Я оставлял за спиной двенадцать лет жизни и имел не больше, чем мог унести в маленькой сумке козьей кожи. И сумка осталась неполна. В основном это были монеты: я продал доспех, плуг и инструменты, кое-какую мебель (большую часть ее оказалось проще выкинуть, поскольку я не особенно заботился о подобных вещах), а Тирсений авансом выкупил мой урожай и небольшой гурт коз, а также предоставил бесплатный проезд до Афин на своем корабле. У меня было достаточно денег, чтобы добраться до дома и протянуть те несколько недель, пока будет длиться тяжба; кроме того, еще больше денег лежало в банке в Афинах — их должно было хватить на завершение суда. И это еще не считая репутации предсказателя судьбы и доходов, которые она сулила. Я не беспокоился о том, чем заняться по возвращении; при необходимости я, безусловно, мог вернуться к старому ремеслу и продолжить обирать доверчивых дельцов. В сущности, я вообще ни о чем не беспокоился, поскольку для беспокойство надо хоть немного интересоваться своей особой.
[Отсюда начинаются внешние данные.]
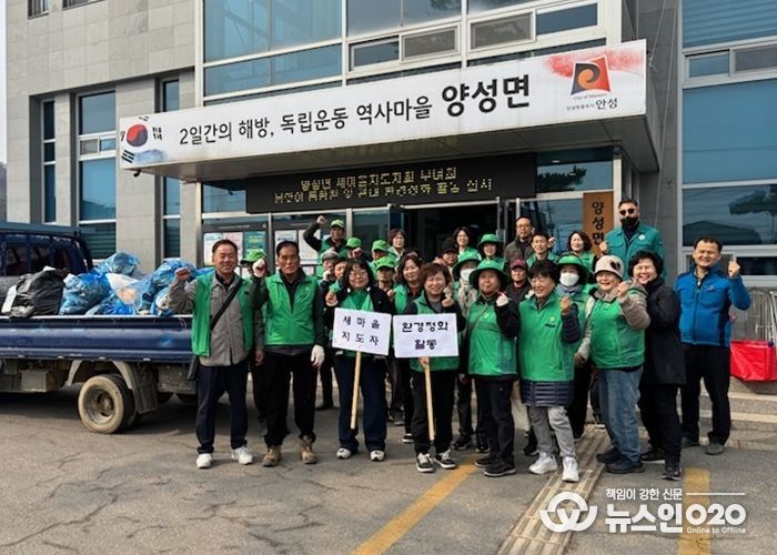 (뉴스인020 = 김성길 기자) 안성시 양성면 새마을지도자회와 새마을부녀회는 지난 11일, 새봄을 맞아 쾌적한 지역 환경을 조성하고자 동항천과 양성면 일대에서 대대적인 환경 정화 활동을 펼쳤다.

Помимо денег и своего счастливого змеиного сосуда, я прихватил гребень, оставшийся от Феано (в конце концов, и мужчине нужна расческа), кости для игры в бабки, которые я когда-то сделал сыну (потому что человек, в принципе, способен заработать на жизнь, играя в кости на борту корабля, особенно если знаком с некоторыми их особенностями, а поскольку Эвпол очень расстраивался, проигрывая, эти кости были очень предсказуемыми), нож, бритву, скребок и свиток почти чистой египетской бумаги, на которой я начал записывать историю Антольвии еще до того, как она получила это название. Я собирался преподнести ее Аристотелю в качестве вклада в его обширную базу данных по политическим вопросам, а также как хвастливое и обидное свидетельство того, что построить совершенное общество совершенно и в самом деле можно, если взяться за дело, а не сидеть на заднице и болтать о нем.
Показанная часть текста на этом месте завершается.